La abogada se inclinó sobre la mesa, acercándose a él. Tenía el pelo negro, ojos de color castaño oscuro, casi negro, y un hermoso, feroz y altivo aire moruno capaz de dejar secos a casi todos los fiscales del tribunal a cien metros de distancia.

—¿La psicóloga sigue haciéndote ajustes aquí y allá?

—Sí.

—¿Algún cambio en la medicación?

—No.

—¿Sigues tomando pastillas?

Falcón asintió.

—Bueno, no sé qué está pasando aquí, pero debe de ser muy gordo —dijo Isabel.

—No quiero seguir viviendo en esa casa. No quiero vivir con Francisco Falcón. Manuela sí. Está obsesionada con ese lugar… pero no tiene el dinero.

—Entonces no puede quedarse con la casa, Javier.

—Piénsalo.

—Ya lo he pensado y lo he rechazado… al instante.

—Piénsalo un poco más.

—Se han acabado tus diez minutos —dijo Isabel, poniéndose los zapatos—. Acompáñame al coche.

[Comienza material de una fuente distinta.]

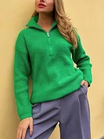 Women’s Turtleneck Zippers Fashion Women Sweaters Solid Green Blue Pullover Long Sleeve Casual Knitted Sweater Woman Winter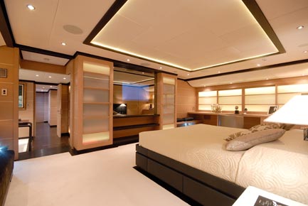 Baglietto luxury motor yacht accomodates up to 10 yacht charter guests in 5 cabins with 1 King bed, 2 Queen, 4 Single and 2 Pullman bunks.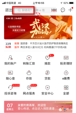 第一步,我们需要在手机上下载中国工商银行App,打开并登陆自己的账号,如下图所示点击搜索框。

Mientras Isabel cruzaba la oficina a grandes zancadas, los pasantes la acribillaron a preguntas. No contestó ninguna. Sus tacones restallaron en el vestíbulo de mármol.

—Tengo que hacerte otra pregunta —dijo Falcón.

—Esperemos que sea más barata que la otra —dijo Isabel—, o no tendrás dinero para pagarme.

—¿Conoces al juez Calderón?

—Claro que lo conozco, Javier. —Isabel se paró tan en seco que halcón chocó con ella—. Ah, ahora lo entiendo. Estás emocionalmente trastornado por lo de él e Inés. Olvidémonos de que hoy nos hemos visto, y cuando estés más calmado…

—No estoy tan trastornado emocionalmente.

—¿Qué pasa entonces con el juez Calderón?

—¿Tiene fama?

—Tan larga como tu brazo… más larga que tus piernas… más larga que esta calle.

—Quiero decir… si tiene fama de mujeriego.

Falcón, que la miraba a la cara con gesto de impaciencia, vio que toda su fiereza desaparecía de su expresión y era sustituida por un inmenso dolor, que salió a la superficie como una ballena arponeada y desapareció.

Isabel apartó la cara y apuntó con las llaves al coche, cuyas luces emitieron un destello.

—Esteban siempre ha sido un cazador —dijo.

Se metió en el coche y se alejó, dejando a Falcón en la acera, pensando que Isabel Cano llevaba más de diez años felizmente casada.